Step 5: Substitute values for the particle's wavelength
Now, substitute h = 6.6 \times 10^{-34}\,\text{J s} , m = 9.1 \times 10^{-31}\,\text{kg} , and v = 10^{6}\,\text{m/s} :
\lambda_{2} = \frac{6.6 \times 10^{-34}}{(9.1 \times 10^{-31}) \times (10^{6})}.
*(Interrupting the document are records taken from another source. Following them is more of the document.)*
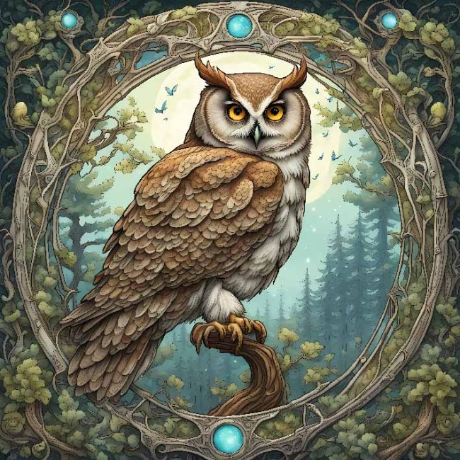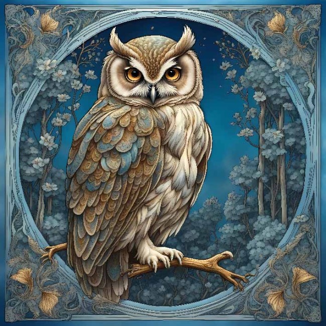 Carré CHOUETTE PIERRES BLEUES 45X45 - Velours Manille
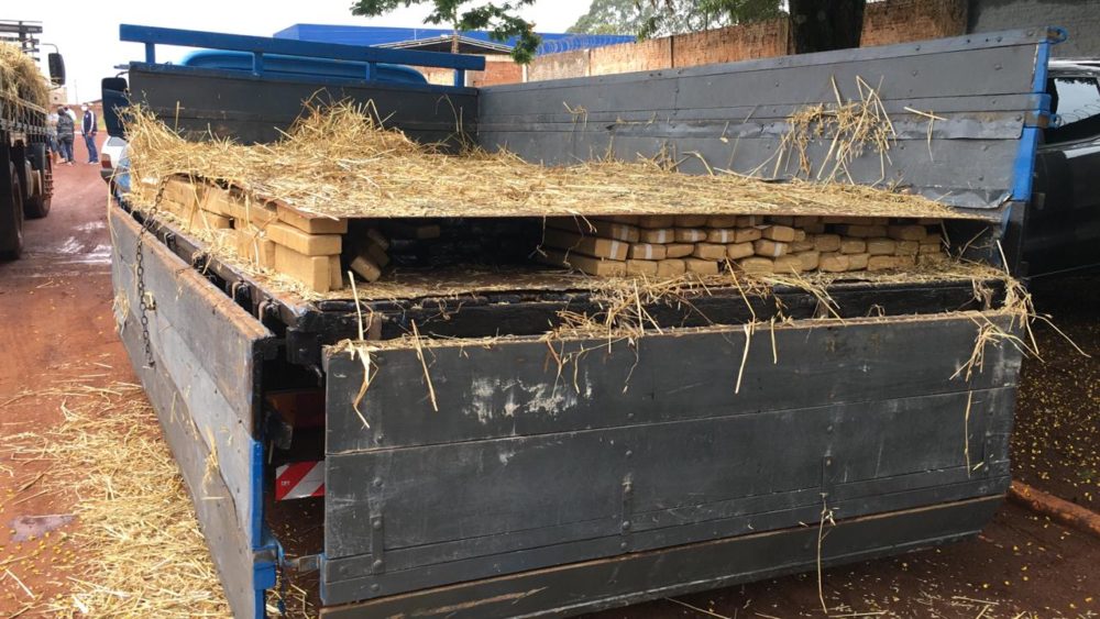 Logo depois o motorista de outro caminhão que transportava feno também foi abordado, mas ele não obedeceu a ordem da parada e tentou fugir. Ele foi perseguido e preso. O motorista de 22 anos, morador em Ponta Porã, estava com um caminhão com placas de Jardim Alegre (PR) e carrega em um compartimento falso sob os fardos de feno, 1,779 quilos de maconha.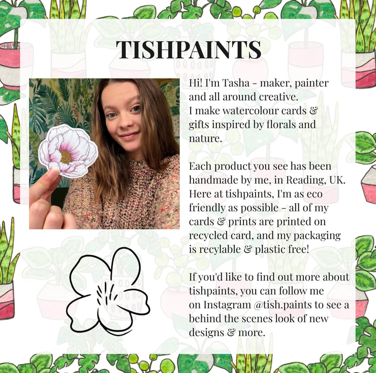 - All of my designs have been painted by me using watercolours and printed onto recycled card.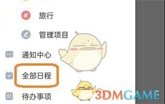 2、切换到菜单页面以后,找到并点击【全部日程】。
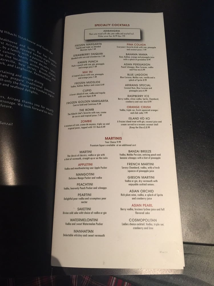 Arirang Hibachi Steakhouse Menu (2025 Update)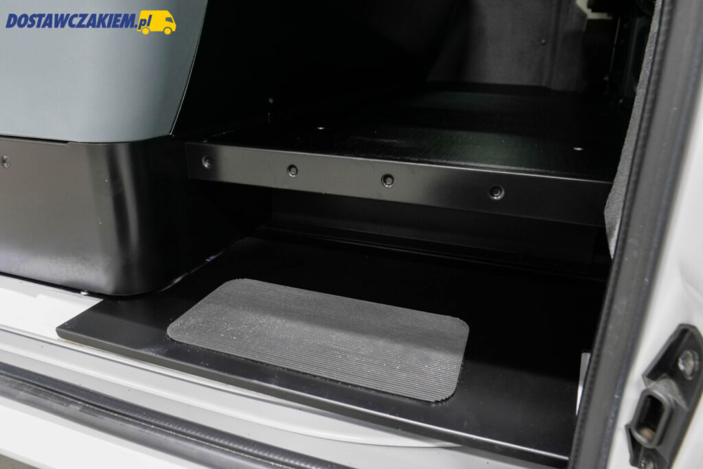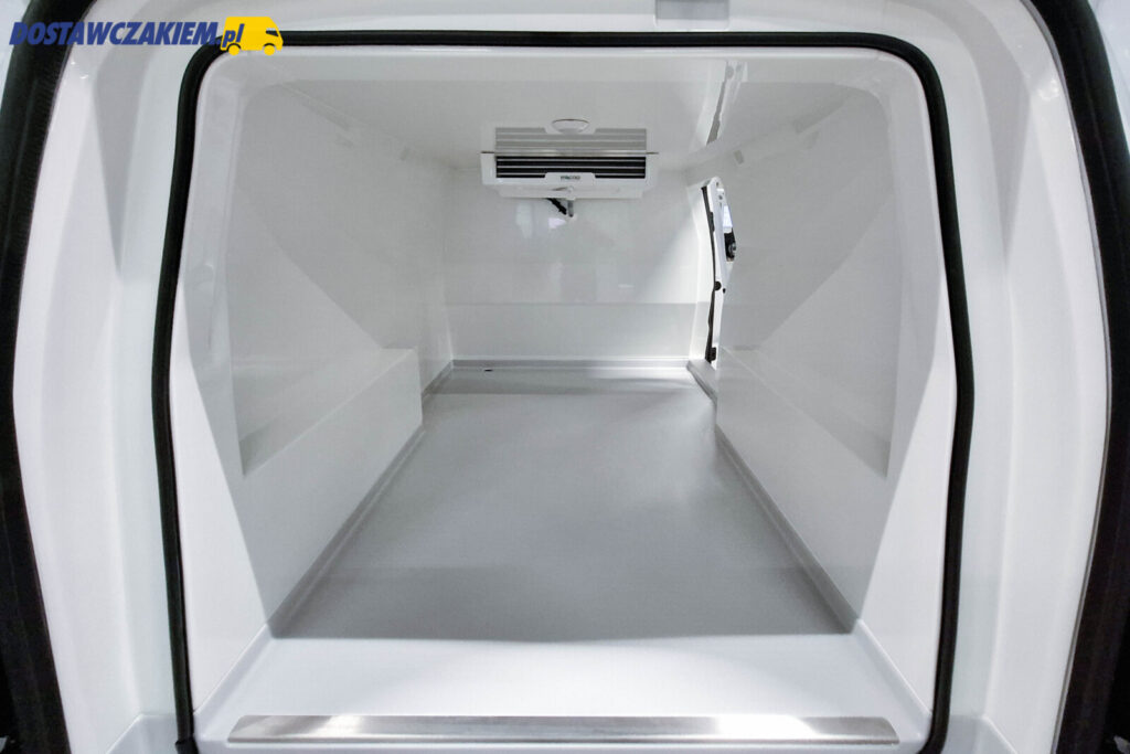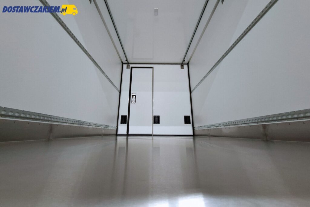 Izoterma wewnętrzna wykonana z dedykowanemu konkretnie pod ten model zestawu składa się z białego laminatu z warstwą izolacyjną oraz szarą podłogą antypoślizgową z odpływem po lewej stronie.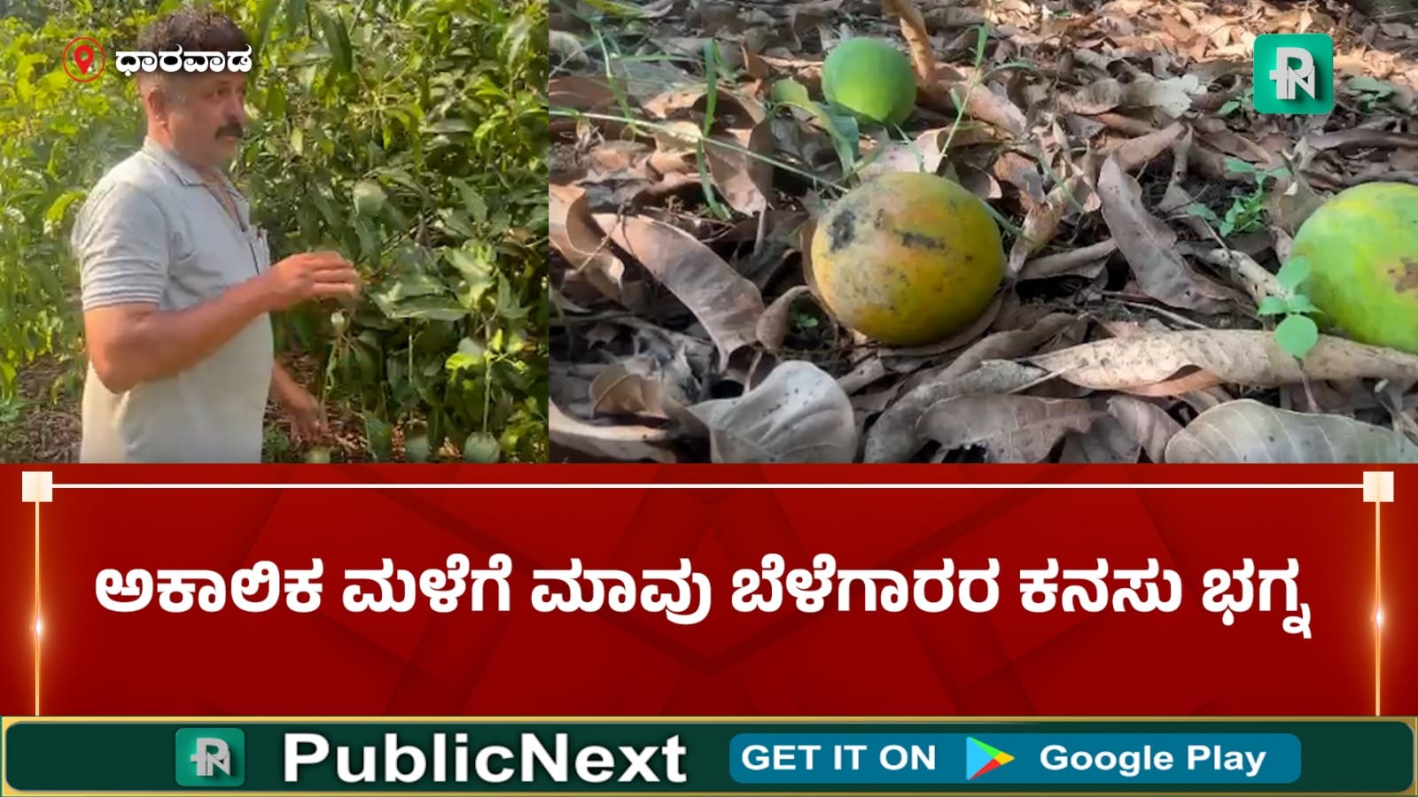 ಧಾರವಾಡ: ಅಕಾಲಿಕ ಮಳೆಗೆ ಉದುರಿ ಬಿದ್ದಿರುವ ಮಾವಿನ ಹಣ್ಣುಗಳು.. ಉದುರಿ ಬಿದ್ದಿರುವ ಮಾವಿನ ಹಣ್ಣು ಆರಿಸುತ್ತಿರುವ ರೈತರು.. ಮತ್ತೊಂದೆಡೆ ಕಪ್ಪು ಚುಕ್ಕೆ ರೋಗಕ್ಕೆ ತುತ್ತಾಗಿ ಕೊಳೆತ ಹಣ್ಣು. ಈ ಎಲ್ಲ ದೃಶ್ಯ ಕಂಡು ಬಂದಿದ್ದು ಧಾರವಾಡದಲ್ಲಿ.

Combine the terms in the denominator:
(9.1 \times 10^{-31}) \times (10^{6}) = 9.1 \times 10^{-25}.
Hence,
\lambda_{2} = \frac{6.6 \times 10^{-34}}{9.1 \times 10^{-25}} \approx 7.25 \times 10^{-10}\,\text{m}.
Step 6: Determine the ratio of the photon’s wavelength to the particle’s wavelength
\frac{\lambda_{1}}{\lambda_{2}}
= \frac{6.6 \times 10^{-7}}{7.25 \times 10^{-10}}
\approx 910.
So, the wavelength of the photon is 910 times the wavelength of the particle.
Final Answer:
The wavelength of the photon is 910 times the wavelength of the particle.